California’s Public Utilities Commission unanimously passed a policy Dec. 15 that reduces excess electricity credit for the state’s rooftop solar owners and changes tariffs in favor of those who buy home energy storage systems.
Storage allows solar users to use stored energy at night or feed it back to the grid.
“For the rooftop solar industry to remain sustainable, we need to put more emphasis on exports during the really fossil-heavy time of day,” Supply Commissioner John Reynolds said during the meeting. “In short, we are making this change because of our commitment to combating climate change.”
Solar panels can generate 12,000 megawatts of electricity, nearly six times more than the state’s last nuclear plant, according to the commission. Without storage systems, fossil fuels take over maintaining the electricity grid when the sun goes down, increasing tariffs for non-solar customers.
Since 2020, new homes in California must have solar power, but without the need for storage.
The battle over solar changes has dragged on for almost two years. The lower interest yield will only affect future solar owners who receive power from Pacific Gas and Electric, Southern California Edison, and San Diego Gas and Electric. Nothing will change for current roof solar owners.
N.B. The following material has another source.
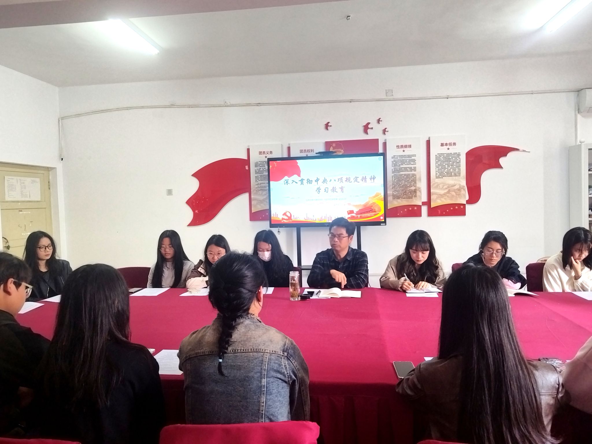 黄海解读了学校开展深入贯彻中央八项规定精神学习教育的实施方案,从“为何学”“学什么”“如何学”三个维度进行讲解,希望毕业生党员们提高政治站位,在学思践悟中坚定理想信念;要强化党性修养,以党章规定规范言行举止;要注重学用结合,将廉洁自律融入职业发展全过程。

Affordable Clean Energy — a utility-backed coalition — estimates $4 billion in costs will be shifted from solar to non-solar customers. Solar customers also draw electricity from the grid in the evening hours without being produced in return.
Because the tariff change will not apply to existing rooftop solar customers, the shift in costs will further increase energy bills for non-solar users, the coalition argued.
“Numerous independent studies and statements from various parties make it clear that the current solar subsidy program is forcing low-income families, renters, seniors and those who do not have rooftop solar to fund the solar systems of wealthier Californians. Today’s vote ensures this unsustainable shift in costs will continue indefinitely,” Kathy Fairbanks, a spokeswoman for the coalition, said in a statement.
With rooftop solar systems declining in value, solar companies fear fewer people will participate in the program. The policy change for prospective solar customers means they receive a net billing credit for their excess energy, which is significantly less than the previous net metering system.
“The solar and storage industry remains concerned that the transition from net metering to the new net billing structure is too abrupt and threatens to slow deployment of rooftop solar in California,” Sean Gallagher, vice president of state and regulatory affairs for Solar Energy Industry Association said in a statement.
A transition period provides incentives for those who install panels and storage systems within five years. Residents of tribal communities, disadvantaged neighborhoods and those on low incomes are eligible for dual credit with one installation. Despite this, some solar advocates said the price will still be too expensive for these groups.
According to Bernadette Del Chiaro, executive director of the California Solar & Storage Association, the average solar and storage system can cost around $26,000 after a 30 percent deduction from federal tax credits.
According to consumer advocacy group Public Advocates Office, the proposed change will save residential solar customers an average of $100 per month, or $136 for those with storage systems.
“Clean energy use during the day must be extended into the evening. Solar with batteries does exactly that. It’s the next step toward a clean energy future that will improve the air we breathe, the communities we live in and our overall quality of life,” said the office’s director, Matt Baker , in a statement.
According to the Supply Commission, it would take no longer than nine years for the costs of installing a solar and battery system to be amortized with the new remuneration structure.
The Associated Press contributed to this report.